Greedy Maximum Entropy Sampler

The objective is to extract a sample $S$ of items from an initial set $D$ with an optimized diversity of the attached entities: $S \subset D$, $|S| = l$ and $|D| = L$.

In the initial set $D$, each document (or item) $d$ is attached with a set of $N$-ary relations: ${r_1, r_2, ..., r_{n_d}}^{d}$, where $n_d$ in the number of relations attached to $d$. Each relation $r$ is connecting a set of $N$ entities, $r=(e_1, e_2, e_3, e_N)$, each belonging one particular category represented by a larger set and denoted by the variables $V_1, V_2, ..., V_{N}$. Sets are considered distincts and each entity belongs to one set: $e \in V_1 \cup V_2 ... \cup V_N$ and $\forall i, j, V_i \cap V_j = \emptyset$.

Also, one entity $e_i$ can appear many times in $d$: $0 \le |{ r_k: e_i \in r_k}^{d}| \le n_d$, with $|{r_k: e_i \in r_k }^{d}| \text{ the number of }N \text{-ary relations involving }e_i\text{ in }d\text{ .}$

Then, given a subset $S$, the probability that a $N$-ary relation involve the entity $e_i$ is:

$P(e_i) = \frac{\displaystyle\sum_{d \in S} |{ r_k: e_i \in r_k }^{d}|}{\displaystyle\sum_{d \in S} n_d}$

It follows that the diversity of organisms or chemicals can be measured with the Shannon's entropy over the probability distributions of elements $V_{1:N}$. Expressed with entropy, the diversity reflects the uncertainty about the entities attached to a relation in an document $d$. The Shannon's entropy in the sample $S$ for the set $V_j$ is $H_S(V_j) = - \displaystyle\sum_{e_i \in V_i} P(e_i) \log P(e_i)$. Adding a new document $\displaystyle d$ to $S$ will update the probability distributions of $V_{1:N}$, and the new observed entropy of $V_j$ for instance will be $H_{\displaystyle S_{+d}}(V_j)$ where $\displaystyle S_{+d} = S \cup {d}$. Therefore, to optimize the diversity over $V_{1:N}$, the document $d*$ added to $S$ minimizes the distance to the utopian point $(log |V_1|, log |V_2|, ..., log |V_N|)$ (maximal observable entropies):

$d* = \underset{d}{argmin} || (H_{\displaystyle S_{+d}}(V_1), H_{\displaystyle S_{+d}}(V_2), ..., H_{\displaystyle S_{+d}}(V_N)) - (log |V_1|, log |V_2|, ..., log |V_N|) ||.$

The proposed sampling approach is a simple greedy algorithm that, at each step, selects and adds the new document $d*$ from $D$, maximising the diversity over the different set of entities $V_{1:N}$. We refer to it as diversity-sampling. As in ecology, diversity is intrinsically related to the number of distinct entities per each set, but, for the purpose of using the samples as training or evaluation sets, the balance of the distribution is prioritized over a higher number of rare entities. This latter behaviours is a natural consequence of using the Shannon's entropy. From this perspective, the method can also been seen as a ranking procedure, and a sample is determined by selecting the first top $n$ ranked items. The selection of an appropriate sample size $l$ is also a critical, but often overlooked factor. By monitoring $H_S(V_{j})$ $\forall j \in 1:N$ during the iterative construction of $S$ (until $l=L$), it is possible to determine the step $l$ at which diversity starts to deteriorate and sampling should be stopped, i.e. when the new added documents provide relationships for already frequently reported entities in $S$.

Install

Install the gme-sampler

pip install git+ssh://git@github.com/idiap/gme-sampler

Usage

The provided example considers the motivating scenario of sampling literature references for the LOTUS database.

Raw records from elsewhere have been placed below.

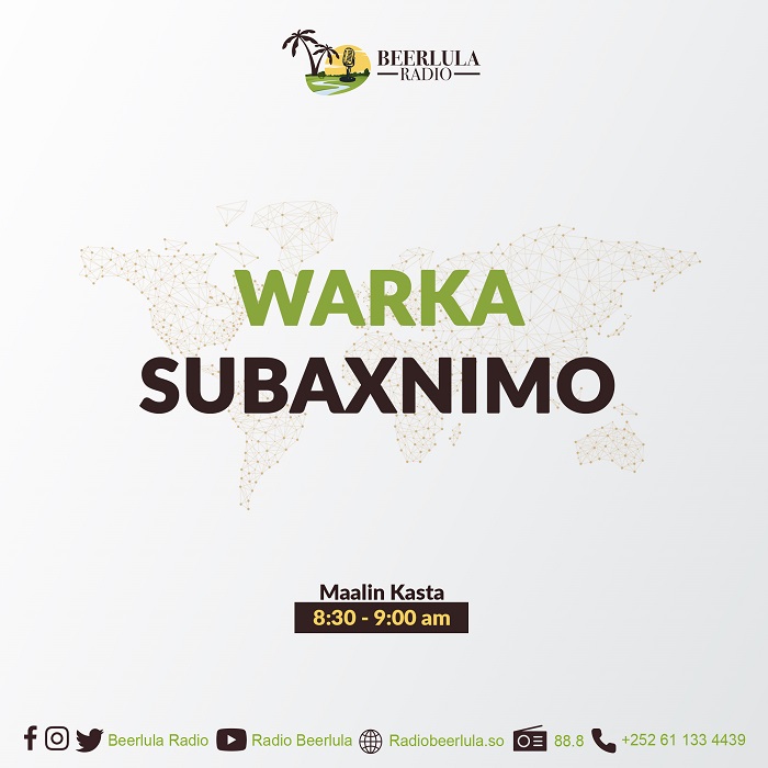 Wararka Warka Subaxnimo ee Radio Beerlula By Radio Beerlula - May 10, 2025 0 158 FacebookTwitterPinterestWhatsApp Baledweyne ( Radio Beerlula )- dhamaan dhageystayaasha iyo akhristayaasha Radio Beerlula waxaan halkan idinku soo gudbineynaa Warka Subaxnimo ee Radio Beerlula, waxaa soo jeedinaya Cabduqaadir Cumar Ibraahim. Share this: Click to share on Facebook (Opens in new window) Facebook Click to share on X (Opens in new window) X
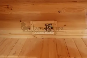 Окна из закаленного стекла (панорамное), можно разместить, как в парилке, так и в комнате отдыха. Может быть установлено только на торцевых (ровных) стенах бани. За дополнительную плату возможно сделать стекло бронзированным.
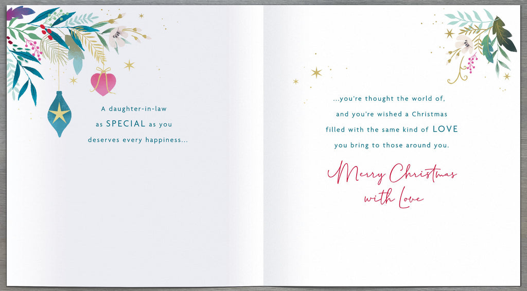 Celebrate the festive season with this elegant Christmas card designed especially for your daughter-in-law. Featuring a beautifully detailed wreath, it conveys warmth and appreciation, making her feel cherished and loved. Perfect for adding a personal, heartfelt touch to your holiday greetings.
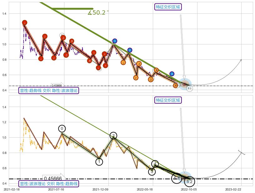 ♘ 在最后的下跌阶段2021-03-03至2022-08-12,存在 破位边缘的阻力位 ,阻力价格0.49667,可信任强度83.41%,其距离最后价格0.5000相差 -0.67%

The original snapshot of the LOTUS database (v.10 - Jan 6, 2023) used in this work is available at .

The LOTUS dataset used is licensed under CC BY 4.0. See the related article and the website for more details.

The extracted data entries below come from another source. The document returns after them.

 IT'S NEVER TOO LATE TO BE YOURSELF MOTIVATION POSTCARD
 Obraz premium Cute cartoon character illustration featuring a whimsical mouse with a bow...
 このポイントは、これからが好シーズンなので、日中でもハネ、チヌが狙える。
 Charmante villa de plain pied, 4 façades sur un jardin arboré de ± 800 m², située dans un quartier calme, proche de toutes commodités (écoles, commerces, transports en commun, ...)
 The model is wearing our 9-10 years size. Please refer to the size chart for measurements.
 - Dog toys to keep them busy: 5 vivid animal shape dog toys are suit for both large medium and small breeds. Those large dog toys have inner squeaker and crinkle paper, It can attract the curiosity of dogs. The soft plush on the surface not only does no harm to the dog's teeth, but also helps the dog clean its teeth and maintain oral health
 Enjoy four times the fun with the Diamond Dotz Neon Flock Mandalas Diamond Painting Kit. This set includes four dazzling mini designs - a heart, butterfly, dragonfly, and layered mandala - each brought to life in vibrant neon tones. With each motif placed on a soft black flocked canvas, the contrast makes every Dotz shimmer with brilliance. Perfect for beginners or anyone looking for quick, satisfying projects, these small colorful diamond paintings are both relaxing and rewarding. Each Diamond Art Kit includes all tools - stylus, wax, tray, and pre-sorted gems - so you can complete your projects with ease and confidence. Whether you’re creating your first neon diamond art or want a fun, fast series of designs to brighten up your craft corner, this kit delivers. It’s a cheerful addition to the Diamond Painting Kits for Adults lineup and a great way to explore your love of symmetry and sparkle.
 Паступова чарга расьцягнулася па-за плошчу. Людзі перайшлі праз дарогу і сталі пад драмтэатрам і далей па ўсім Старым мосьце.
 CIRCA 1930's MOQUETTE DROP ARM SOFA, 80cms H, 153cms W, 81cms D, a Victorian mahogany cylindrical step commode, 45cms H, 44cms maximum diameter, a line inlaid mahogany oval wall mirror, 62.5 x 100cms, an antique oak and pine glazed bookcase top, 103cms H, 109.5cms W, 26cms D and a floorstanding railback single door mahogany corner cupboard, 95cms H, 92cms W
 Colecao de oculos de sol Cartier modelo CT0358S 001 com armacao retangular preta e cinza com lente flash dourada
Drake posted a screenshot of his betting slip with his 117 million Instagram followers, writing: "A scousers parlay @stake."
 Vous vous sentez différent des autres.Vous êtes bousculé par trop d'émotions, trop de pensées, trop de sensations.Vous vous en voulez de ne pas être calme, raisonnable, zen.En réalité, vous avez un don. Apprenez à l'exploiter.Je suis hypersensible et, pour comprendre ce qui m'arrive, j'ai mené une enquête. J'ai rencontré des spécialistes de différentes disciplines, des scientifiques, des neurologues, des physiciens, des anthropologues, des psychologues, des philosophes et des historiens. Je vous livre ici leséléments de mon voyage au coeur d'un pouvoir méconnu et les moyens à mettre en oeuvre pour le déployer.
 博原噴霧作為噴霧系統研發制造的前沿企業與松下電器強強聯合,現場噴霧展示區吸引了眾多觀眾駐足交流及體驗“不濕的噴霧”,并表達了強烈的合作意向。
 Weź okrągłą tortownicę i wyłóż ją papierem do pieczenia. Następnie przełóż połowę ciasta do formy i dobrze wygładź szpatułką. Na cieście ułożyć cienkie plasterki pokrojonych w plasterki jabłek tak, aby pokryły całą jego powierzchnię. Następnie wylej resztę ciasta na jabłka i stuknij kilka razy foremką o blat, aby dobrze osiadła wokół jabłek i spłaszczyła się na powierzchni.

Only a subset of the original database is used in this example. In this example, each document $d$ is identified by the reference_doi columns, e.g: 10.1002/(SICI)1099-1573(199902)13:13.0.CO;2-F. Each document then reports a list of relations between organisms and chemicals, respectively identified by a Wikidata Organisms entity and a Wikidata structure entity. In this example, we sample to top-5 documents that maximise the diversity among organisms and chemicals from this subset. The dataset looks like this:

structure_wikidata	structure_cid	structure_nameTraditional	organism_wikidata	organism_name	organism_taxonomy_02kingdom	reference_wikidata	reference_doi	reference_pubmed_id
http://www.wikidata.org/entity/Q43656	5997	Cholesterol	http://www.wikidata.org/entity/Q1146782	Eryngium foetidum	Archaeplastida	http://www.wikidata.org/entity/Q34502919	10.1002/(SICI)1099-1573(199902)13:13.0.CO;2-F	10189959
http://www.wikidata.org/entity/Q121802	222284	Beta-Sitosterol	http://www.wikidata.org/entity/Q1146782	Eryngium foetidum	Archaeplastida	http://www.wikidata.org/entity/Q34502919	10.1002/(SICI)1099-1573(199902)13:13.0.CO;2-F	10189959
http://www.wikidata.org/entity/Q104253515	5283638	Clerosterol	http://www.wikidata.org/entity/Q1146782	Eryngium foetidum	Archaeplastida	http://www.wikidata.org/entity/Q34502919	10.1002/(SICI)1099-1573(199902)13:13.0.CO;2-F	10189959

The item_column indicates the column containing the documents identifiers while columns containing the variables to maximise the diversity are specified with the on_columns argument.
If binarised is set to True, thenwe only consider the distinct set of entities per documents.
dutopia is the main metric use to select the next document are represent the distance to the uptopian point, see here. However, a second metric is provided, sum, which simply rank the documents by the sum of the associated entropies.

import pandas as pd
from gme.gme import GreedyMaximumEntropySampler

# Load data
data = pd.read_csv("data/test_data.csv", sep="\t", dtype=object)

# Init sampler
sampler = GreedyMaximumEntropySampler(selector="dutopia", binarised=False)

# Sample
output = sampler.sample(
        data=data,
        N=5,
        item_column="reference_doi",
        on_columns=["structure_wikidata", "organism_wikidata"],
    )

The expected output is:

reference_doi	structure_wikidata	organism_wikidata
10.1016/0039-128X(82)90018-6	2.77259	0.00000
10.1055/S-2001-11496	2.89793	1.02910
10.1016/J.TALANTA.2005.04.043	3.32340	1.33408
10.1016/0039-128X(80)90068-9	3.57149	1.56290
10.1016/S0305-1978(00)00054-5	3.70730	1.75229

At each step the document which maximised the diversity is sampled and the corresponding increasing entropy values for each variables (here structure_wikidata and organism_wikidata) are indicated.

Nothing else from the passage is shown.